** Opening Entries supplied block **

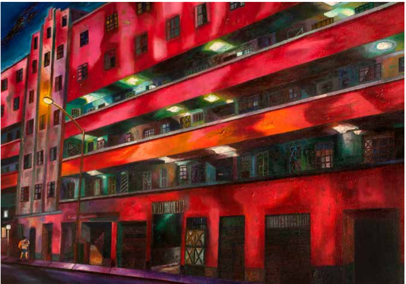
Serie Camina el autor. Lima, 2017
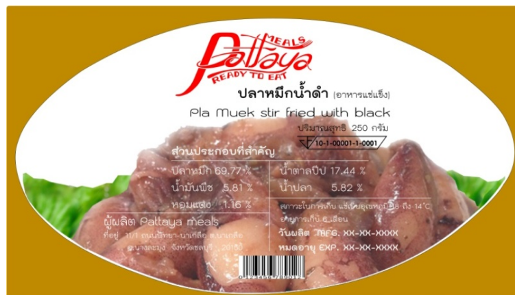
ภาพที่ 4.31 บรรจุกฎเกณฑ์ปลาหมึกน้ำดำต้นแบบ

** Closing Entries supplied block **
** Opening Entries supplied block **

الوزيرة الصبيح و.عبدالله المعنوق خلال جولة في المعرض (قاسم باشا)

** Closing Entries supplied block **

Directions for this task - In the listing above, find the line with "Serie Camina el autor. Lima, 2017" and the line with "ภาพที่ 4.31 บรรจุกฎเกณฑ์ปลาหมึกน้ำดำต้นแบบ". Copy exactly those lines and all between them, minus the images.

Response to the task -
Serie Camina el autor. Lima, 2017
ภาพที่ 4.31 บรรจุกฎเกณฑ์ปลาหมึกน้ำดำต้นแบบ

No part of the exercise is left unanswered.